[PATCH 1/2] drm/amdgpu: Reset IH OVERFLOW_CLEAR bit after writing rptr

Fri Feb 2 13:31:23 UTC 2024

Hi Joshie,

the first patch is already on the way upstream since that is a clear bug 
fix.

Sunil has setup a test system and contacted up with Friedrich to get his 
hands on the test application and reproduced the problem. It looks like 
that the OVERFLOW_CLEAR bit is only the tip of the iceberg of incorrect 
IH documentation and we are now nuking the HW engineers responsible for 
this block with questions.

I will also be pushing that we get an IGT tests for this and that we 
find a long term solution to not be surprised by incorrect hw 
documentation any more.

Thanks,
Christian.

Am 02.02.24 um 12:11 schrieb Joshua Ashton:
> Hello Christian,
>
> Any update on finding an upstreamable solution for this problem?
>
> Having working hang recovery is really important for us on Steam Deck, 
> and it would be nice to have an upstream solution, and not carry a 
> bunch of patches you disagree with. :P
>
> Thanks
> - Joshie 🐸✨
>
> On 1/23/24 12:49, Christian König wrote:
>> Am 23.01.24 um 12:35 schrieb Friedrich Vock:
>>> On 23.01.24 10:36, Christian König wrote:
>>>>
>>>>
>>>> Am 22.01.24 um 23:39 schrieb Joshua Ashton:
>>>>> [SNIP]
>>>>>>>
>>>>>>> Most work submissions in practice submit more waves than the 
>>>>>>> number of
>>>>>>> wave slots the GPU has.
>>>>>>> As far as I understand soft recovery, the only thing it does is
>>>>>>> kill all
>>>>>>> active waves. This frees up the CUs so more waves are launched, 
>>>>>>> which
>>>>>>> can fault again, and that leads to potentially lots of faults for a
>>>>>>> single wave slot in the end.
>>>>>>
>>>>>> Exactly that, but killing each wave takes a moment since we do that
>>>>>> in a loop with a bit delay in there.
>>>>>>
>>>>>> So the interrupt handler should at least in theory have time to
>>>>>> catch up.
>>>>>
>>>>> I don't think there is any delay in that loop is there?
>>>>
>>>> Mhm, looks like I remember that incorrectly.
>>>>
>>>>>
>>>>>     while (!dma_fence_is_signaled(fence) &&
>>>>>            ktime_to_ns(ktime_sub(deadline, ktime_get())) > 0)
>>>>>         ring->funcs->soft_recovery(ring, vmid);
>>>>>
>>>>> (soft_recovery function does not have a delay/sleep/whatever either)
>>>>>
>>>>> FWIW, two other changes we did in SteamOS to make recovery more
>>>>> reliable on VANGOGH was:
>>>>>
>>>>> 1) Move the timeout determination after the spinlock setting the
>>>>> fence error.
>>>>
>>>> Well that should not really have any effect.
>>>>
>>>>>
>>>>> 2) Raise the timeout from 0.1s to 1s.
>>>>
>>>> Well that's not necessarily a good idea.

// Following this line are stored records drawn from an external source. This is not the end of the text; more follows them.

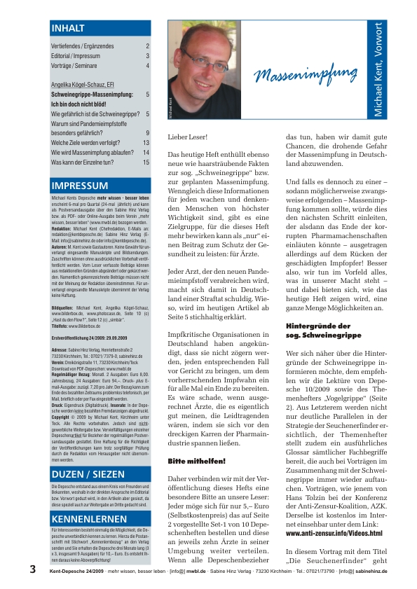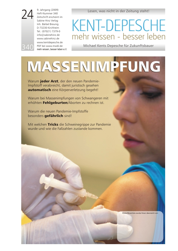 »Wo soll man bei dieser künstlich herbeigeführten Pandemie (weltweite Verbreitung einer an-steckenden Krankheit) und den demnächst drohenden Massenimpfungen mit der Aufklärung beginnen? Bei der eigentlichen Harmlosigkeit der Erkrankung? Bei den fehlerhaften Nachweisverfahren? Bei den schweren Nebenwirkungen und den zu erwartenden Todesfällen nach den Schweinegrippe-Impfungen? Bei dem Verbrechen, dass bevorzugt Schwangere, Kinder und Kranke geimpft werden? Bei den Hintergründen und Zielen der Hersteller? Bei den Beweggründen der Verantwortlichen? Bei den Verschwörungstheorien und falschen Ratschlägen von selbst ernannten Aufklärern? Jeder, der sich ernsthaft mit diesem Thema auseinandersetzt, erkennt schnell dieses Fass ohne Boden. Deshalb sollen auf den folgenden Seiten die wichtigsten Aspekte sorgfältig und klar erklärt werden.«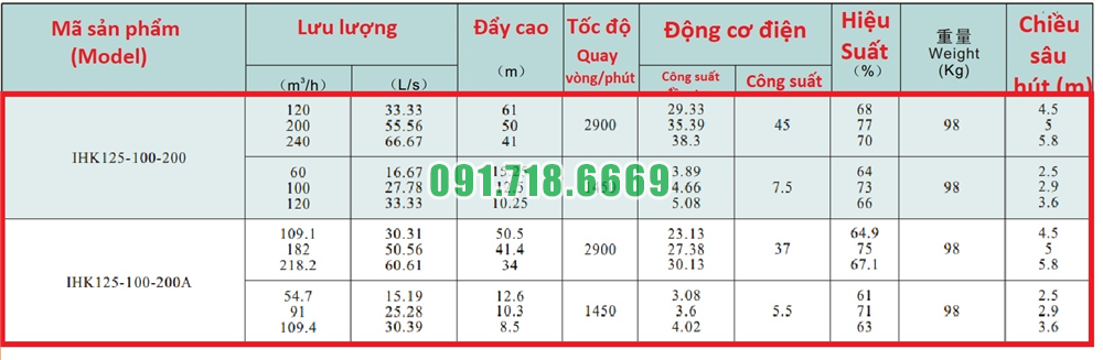 Bảng lưu lượng của máy bơm nước li tâm trục ngang cánh hở IHK125-100-200 vật liệu inox 304
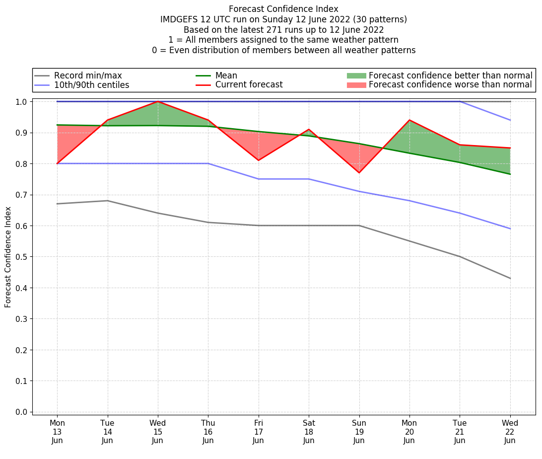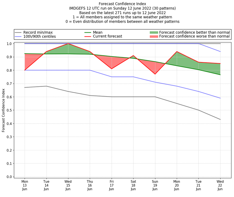 | Weather patterns typically associated with pre-monsoon tendencies over India are most likely Weather patterns 12, 13, 14, 15 and 22 (pre-monsoon) | |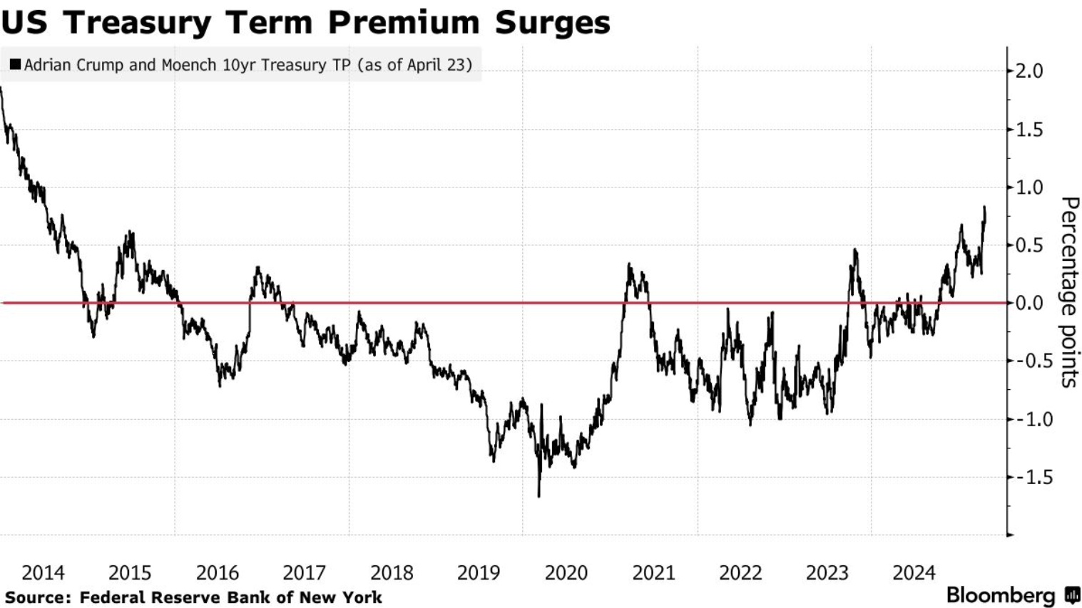 对此,布兰迪万全球投资管理公司630亿美元资产的掌舵人杰克·麦金泰尔直言:"我们正步入新世界秩序。"即便特朗普在关税问题上出现政策回摆,其制造的不确定性已推动长期美债期限溢价(投资者要求的风险补偿)升至2014年以来最高水平。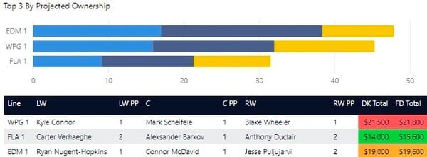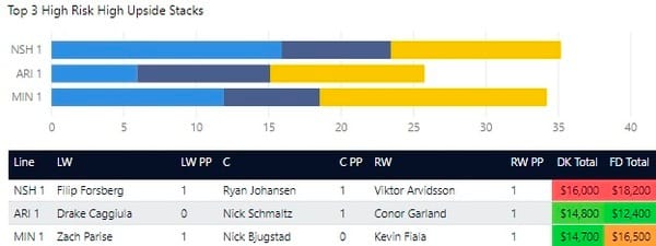 Line stacking is a common strategy in GPP. You’ll see a lot of winning lineups where players are stacked from the same forward lines or power play lines. DraftKings allows a maximum of 6 skaters from the same team (with skaters from at least 3 teams) and FanDuel allows a maximum of 4 skaters from one team. In tournaments, you'll often see 3-3 stacks (meaning 3 players from one team and 3 from another team), 4-3, and 3-3-2 stacks.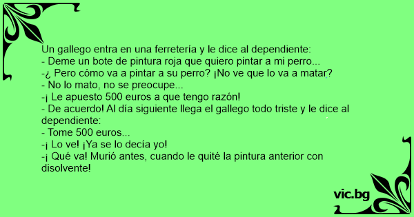 - De acuerdo! Al día siguiente llega el gallego todo triste y le dice al dependiente:
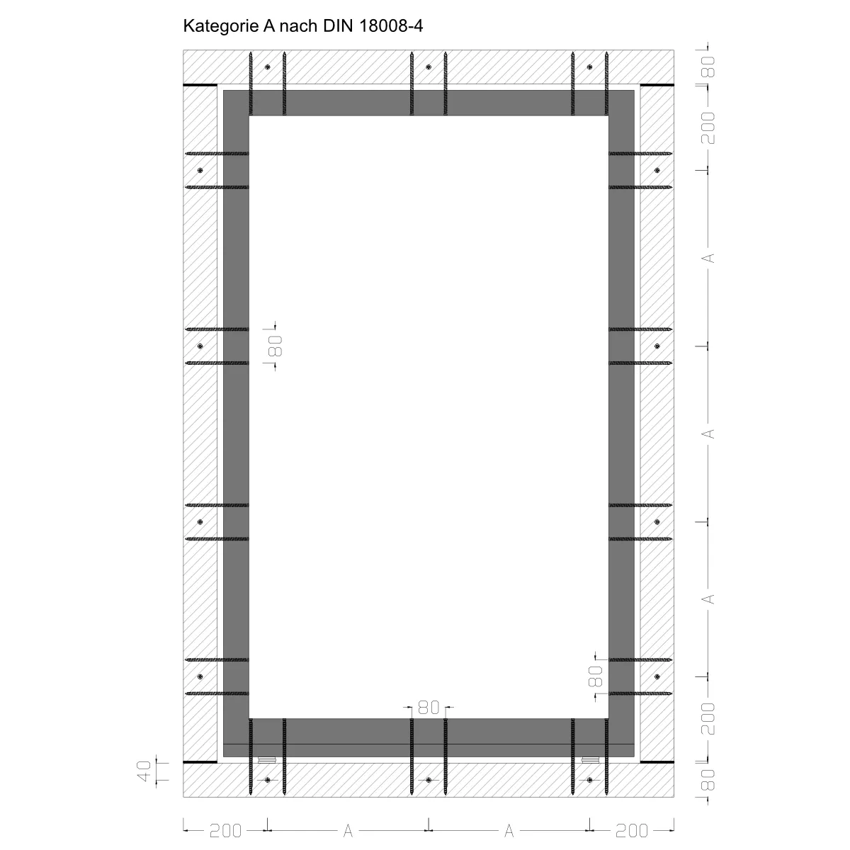 Per gli elementi con proprietà di protezione anticaduta (ETB), a seconda della rispettiva categoria (A / C2 / C3), il profilo della finestra deve essere fissato anche con una seconda vite (doppia vite). La distanza tra le viti è di 80 mm, la distanza dal bordo è di almeno 40 mm dall’esterno del profilo di montaggio pre-parete e la profondità di avvitamento nel profilo di montaggio pre-parete deve essere di 80 mm.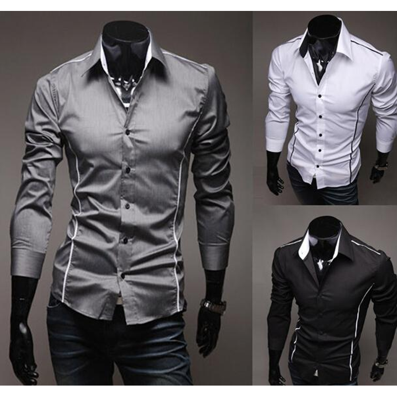 Men Shirt Fashion Cotton Slim Men Shirt Long Sleeve High Quality Casual Black/White/Gray Men Shirt For Men size: M-XXXL

If the SQ isn't able to
>>>> respond in 100ms then I would really go into a hard reset.
>>>>
>>>> Waiting one extra second is way to long here.
>>>
>>> Bumping the timeout seemed to be necessary in order to reliably
>>> soft-recover from hangs with page faults. (Being able to soft-recover
>>> from these is actually a really good thing, because if e.g. games
>>> accidentally trigger faults, it won't kill a user's entire system.)
>>
>> I still have an extremely bad feeling about that. From the 
>> discussions a wave which waits for a fault resolution can't be 
>> preempted nor killed.
>>
>> So what most likely happens is that some of the state sticks around 
>> in the hw and can only be cleared with a hard recovery.
>>
>> For the steam deck it might still be the better option but that is 
>> most likely not the best solution for every use case. It could for 
>> example be that the system doesn't have the full performance any more.
>>
>>>
>>> However, the bump I had in mind was more moderate: Currently the 
>>> timeout
>>> is 10ms (=0.01s). Bumping that to 0.1s already improves reliability
>>> enough. I agree that waiting a full second before giving up might be a
>>> bit too long.
>>
>> Well we should never have a timeout longer than we would expect a 
>> submission to be. So assuming a minimum of 10fps we should never go 
>> over 100ms or so.
>>
>> If killing the waves takes longer than the original submission would 
>> have then there is most likely some state not correctly cleared in 
>> the hw and we really have to do a hard reset to clean up.
>>
>> Regards,
>> Christian.
>>
>>>
>>> Regards,
>>> Friedrich
>>>
>>>>
>>>> Regards,
>>>> Christian.
>>>>
>>>>>
>>>>> - Joshie 🐸✨
>>>>>
>>>>>
>>>>>>
>>>>>> Regards,
>>>>>> Christian.
>>>>>>
>>>>>>>
>>>>>>> Regards,
>>>>>>> Friedrich
>>>>>
>>>>
>>